The students then curated an exhibit for their parents to see.
That experience also exemplifies the third teacher in the Reggio Emilia approach — the environment — which includes the spaces in the classroom.
And creativity is as much a part of learning the alphabet as writing it is.
“They also learn how to lay it out, using products from the woods that they picked up from a hike and other things,” he said.
Project-based learning and real-life experiences
The Reggio Emilia approach uses project-based learning, which Bates says helps keep students engaged in learning.
“You try to build on kind of prior knowledge,” he says. “You may start with one theory and students are looking at it, and you may think the students want to go in one direction and then, all of a sudden, in talking with them, they want to explore something else and learn about something else. If it fits in that area and what you’re looking at, you can move in that direction and kind of all learn together.”
Like Montessori, real-life experiences are part of the learning in the Reggio Emilia method.“I have a note from one of our 3- to 5-year-old classrooms on my desk that is asking me to come meet with them because they need to take a picture and interview me for something that they’re learning about with school,” Bates said.
The students wrote the note and delivered it to Bates, and they scheduled a time for him to meet with the class. He says the experience taught them skill development in reading, writing and communication in a way that was fun and engaging for them.
Both Whitman and Bates say the benefits of their respective approaches are the critical thinking skills and confidence their students develop.
“They look for their own answers versus waiting and finding somebody to help them,” Whitman says. “It really changes the directional path of the way they approach knowledge. It creates life-long learners.”
“The creative elements of this type of work and the experiences that they have, the experiential learning really creates a love of learning that benefits them throughout their life,” Bates says. “They maintain their curiosity as long as they possibly can – and their creativity.”
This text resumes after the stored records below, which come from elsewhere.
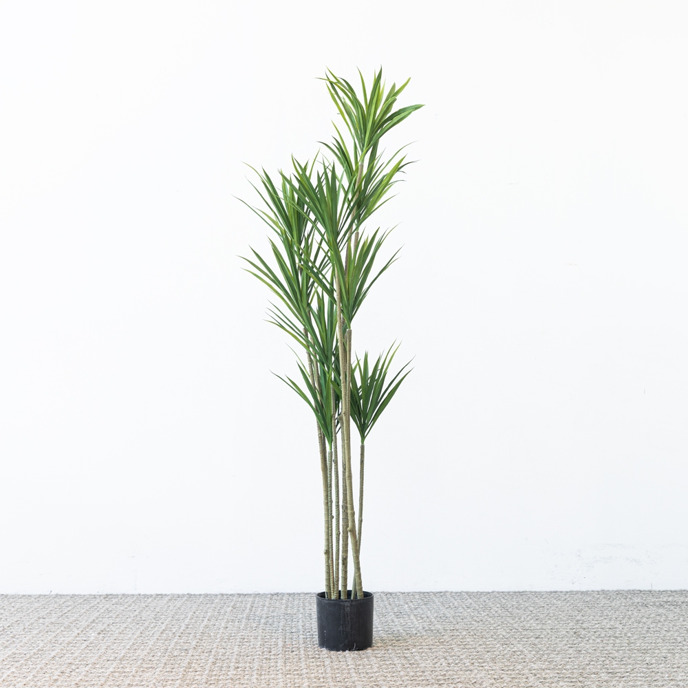 Planta artificial tipo Dracaena en maceta negra. Sus tallos altos y estilizados añaden frescura y verticalidad a cualquier espacio. Ideal para decorar interiores con un toque natural sin necesidad de mantenimiento.
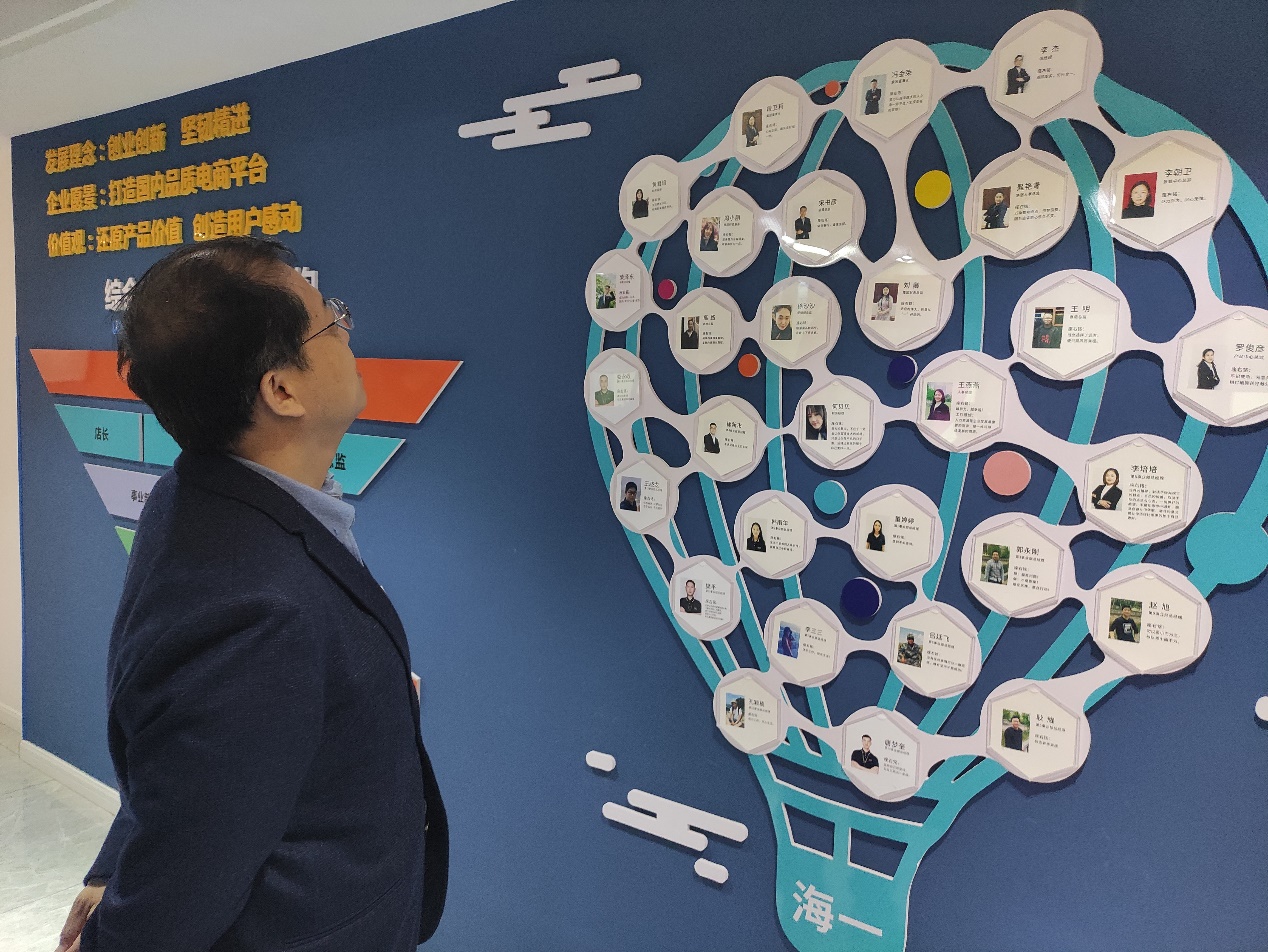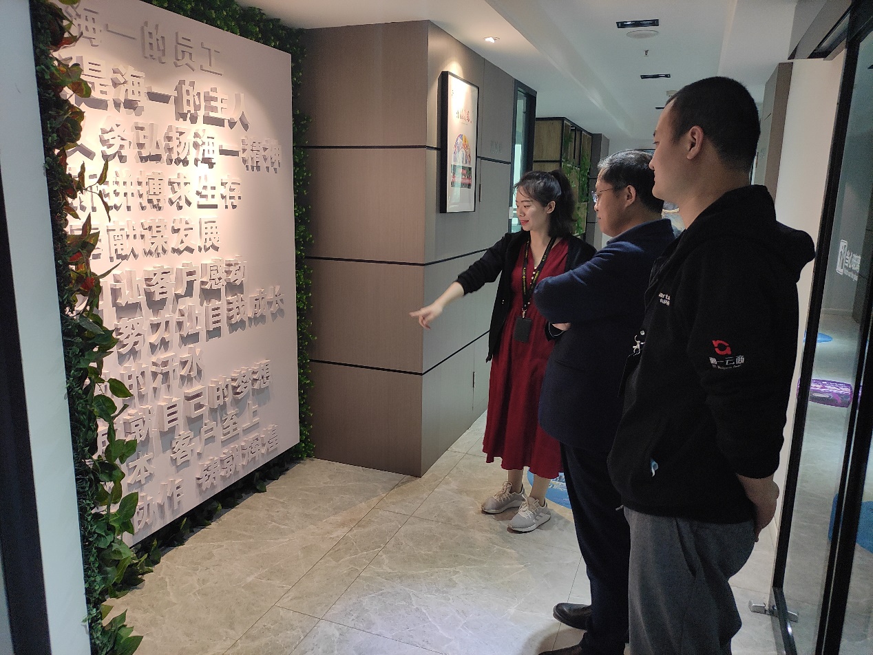 在企业负责人的陪同下,我院教师一行参观考察了电商运营区、直播工作区、智能服务区等办公场所,了解了公司文化、企业愿景、行业发展趋势等内容,对校企合作培养直播电商人才进行了深入讨论。
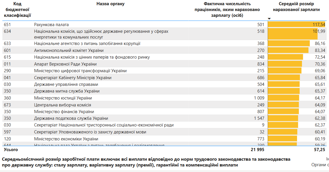 Найвищу середню зарплату отримали співробітники Рахункової палати – 117,5 тис. грн на місяць. Штат установи налічує 501 особу.
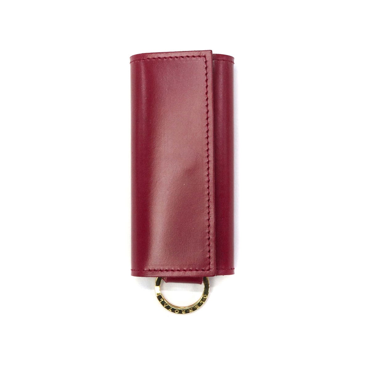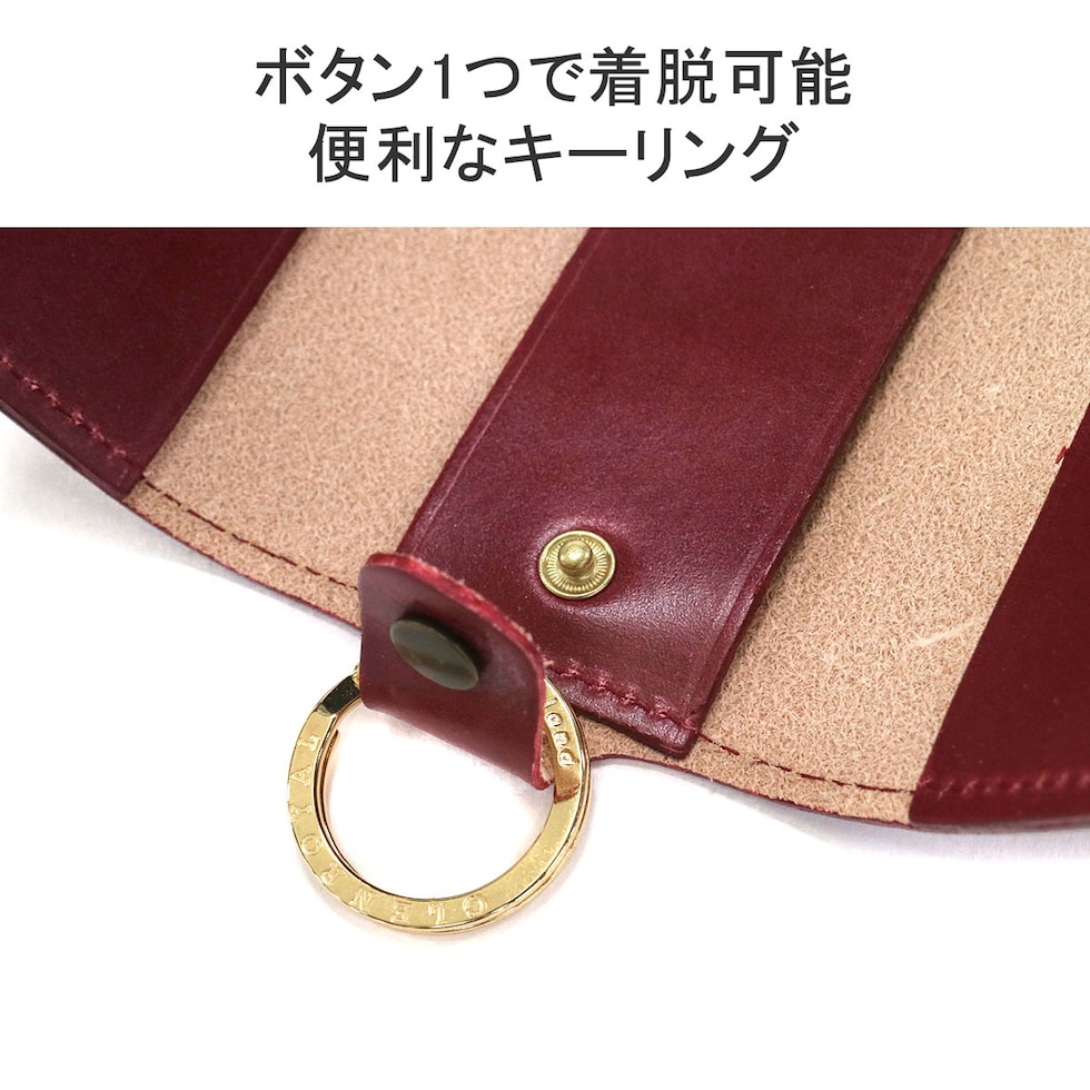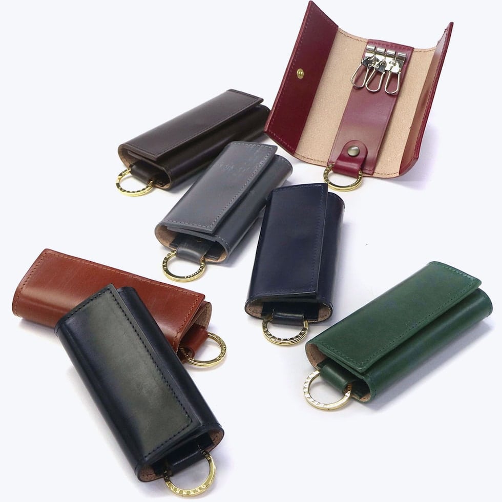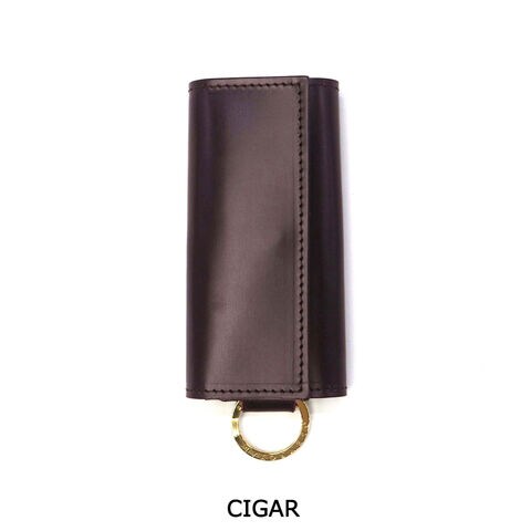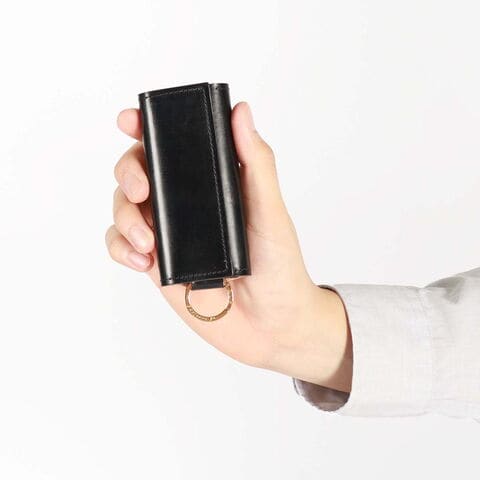 スクエア型のスリムな形が手にフィットし、使い勝手の良い小振りなサイズ感の三つ折りキーケース。外側のリングには大きめの鍵が取り付け可能で、外して単体でキーリングとしても使用したり、用途に合わせて使い分けができる便利な造りに。スナップボタンが表から見えないミニマルデザインで、オンオフ問わず使いやすいルックスに仕上がっております。

Bates says collaborative learning is how education was meant to be, and it’s the direction public schools are taking with their STEM and STEAM programs.
“It’s to give students ways to attempt things, potentially fail, but fail at a smaller risk than they have before and learn from their mistakes, and then try to get it right,” he says. ”It’s a scientific approach to education.”
At the end of the day, Bates says, it’s the students who own their learning for their lifetimes.
Tips for parents for their child’s early childhood education
Whitman says it important to let kids struggle and fail.
“When a mom quickly puts on a kid’s shoes so they can get out the door, if you would just allow them to do it themselves, struggle, maybe even get on the wrong foot, it’s OK,” she says. “Celebrate the independence.”
In searching for an early childhood education program, Bates says to look for:
- an atmosphere where respect for children and childhood is evident;
- a philosophy of education that involves choice and problem-solving for children;
- experiences that cultivate and value both the cognitive and creative intelligences;
- a balance of indoor and outdoor and large and small group experiences;
- time and space for children to explore and cultivate their curiosities and
- a place that is responsive to children’s needs and nurtures positive social-emotional growth.
Mikaela LeBlanc is a freelance writer in Tulsa.